MARCH,
Earl of, a title which, with that of earl of Dunbar, was long
enjoyed by the descendants of Cospatrick, earl of
Northumberland, who came into Scotland in the reign of Malcolm
Canmore (see DUNBAR). On the forfeiture of George, 11th earl of
Dunbar and March, in 1434, it was vested in the crown. In 1478,
the earldom of March was conferred by King James III. On his
brother, Alexander, duke of Albany, on whose forfeiture it was
again annexed to the crown by act of the estates, 1st October,
1487. It continued in the crown till 1582, when, with the
lordship of Dunbar, it was conferred on Robert Stuart,
granduncle of James VI., on his relinquishing the earldom of
Lennox to his nephew, Esme Stuart of Aubigny.

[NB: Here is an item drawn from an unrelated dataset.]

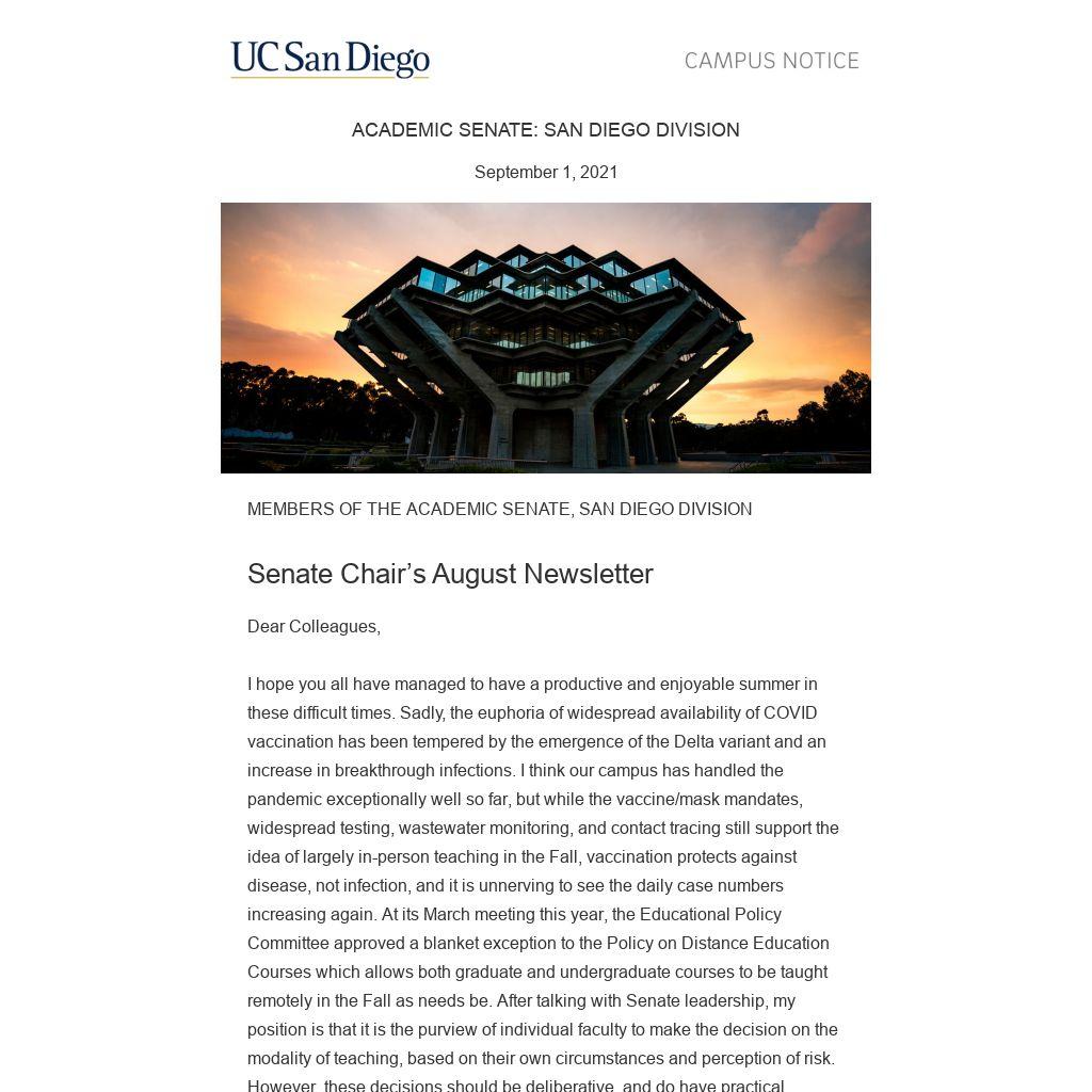As I say, Chairs come and go, and I am about to go. I say with all sincerity that it has been an honor to serve the UCSD faculty in these unprecedented times. Senate Chair is certainly a big job, but with the excellent support of the Senate staff and the tireless work of all the Senate chairs and their committees it has not been a difficult or burdensome job, and I extend my thanks to all of them. I am certainly ready to step down, but I haven’t been counting the days. Indeed, it has been immensely satisfying to be in a position to support the UCSD community in a time of need, and I have done the best I can. I hope it was good enough. I wish Tara Javidi and Nancy Postero well as they step into the Chair and Vice-Chair position.

On his death,
without legitimate issue, in 1586, the title once more reverted
to the crown.
Lord William
Douglas, second son of the first duke of Queensberry, was
created earl of March, 20th April 1697. He succeeded as second
duke, and on the death, without issue, of his grandson, William,
fourth duke of Queensberry and third earl of March, in December
1810 (see QUEENSBERRY, duke of), the latter title, with the
great estates of the Queensberry family in the county of
Peebles, devolved on the sixth earl of Wemyss, whose
great-grandfather married, for his first wife, Lady Ann Douglas,
eldest daughter of the first duke of Queensberry, and sister of
the first earl of March (see WEMYSS, earl of).
The word March or
Merse, signifying boundary or limit, anciently more particularly
applied to the eastern part of the Scottish border, is now
confined to Berwickshire. Chalmers, however, thinks it more
probable that the frontier province got its name from the
Anglo-Saxon merse, a marsh, or from mariscus, a naked plain.